The lights, a natural phenomenon seen for centuries near their namesake mountain, play an integral role in Alien Abduction, a highly-anticipated sci-fi thriller hitting the big screens April 4.
The independent movie was filmed in Burke, Avery and Watauga counties in 2011, and will hold its world premiere Tuesday, April 1, at the Marquee Cinemas in downtown Morganton.
Director Matty Beckerman and producer Cathy Beckerman, both of Los Angeles, will be on hand for the premiere, and will host a Q-and-A session following the 7:00 p.m. screening.
Beckerman grew up on the East Coast and learned about the Brown Mountain Lights as a kid visiting his grandparents' house in Blowing Rock. During those visits he also experienced the remoteness of North Carolina's mountains, and combined those two ideas into a fictitious story that involves the lights and the disappearance of people.

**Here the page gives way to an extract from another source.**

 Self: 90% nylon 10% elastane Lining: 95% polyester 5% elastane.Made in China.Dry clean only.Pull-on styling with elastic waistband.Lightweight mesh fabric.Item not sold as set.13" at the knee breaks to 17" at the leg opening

"We would often get lost on some of the back roads. I remember sitting in the car and daydreaming about what would happen if we really got lost," Beckerman said. "What would happen if our entire family got lost? That was the inspiration. That's where I started."

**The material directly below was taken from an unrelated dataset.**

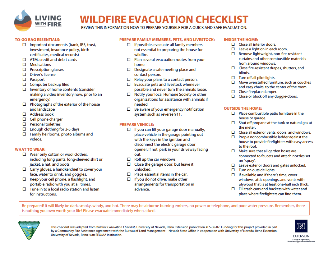 Keep in mind that during times of particularly high fire danger, it’s a good idea to have your go bag ready before a fire starts or an evacuation notice is issued.

The movie uses the found-footage format to tell the story from the viewpoint of a family on a camping trip to Brown Mountain. Beckerman describes it as a "psychological thriller" that does not rely on blood and gore to stir emotion.
"Sometimes the things you hear affect you more than the things you see," he said.
Burke County tourism director Ed Phillips was instrumental in bringing the world premiere to Morganton, and feels it will generate renewed interest in the mysterious lights.
"Even though the film is spooky and scary, it will definitely bring attention to the lights. We already have a business in Morganton offering guided tours to try to see the lights," Phillips said. "IFC Films is distributing this worldwide. It's a big deal. I recently read a review that said it's probably the best found-footage film since the genre was created by The Blair Witch Project."
The movie also interviews the two people most associated with studying the lights - scientist Dan Caton of Boone and paranormal researcher Joshua Warren of Asheville.
"Making this movie in Burke County and being able to debut the film there is a special moment for me," Beckerman said. "I believe people are going to really react to it. People will see this worldwide and it will draw attention to the Brown Mountain Lights. This will be great for tourism. The movie is fiction, but lights are there; they're real. Anyone can go to see them."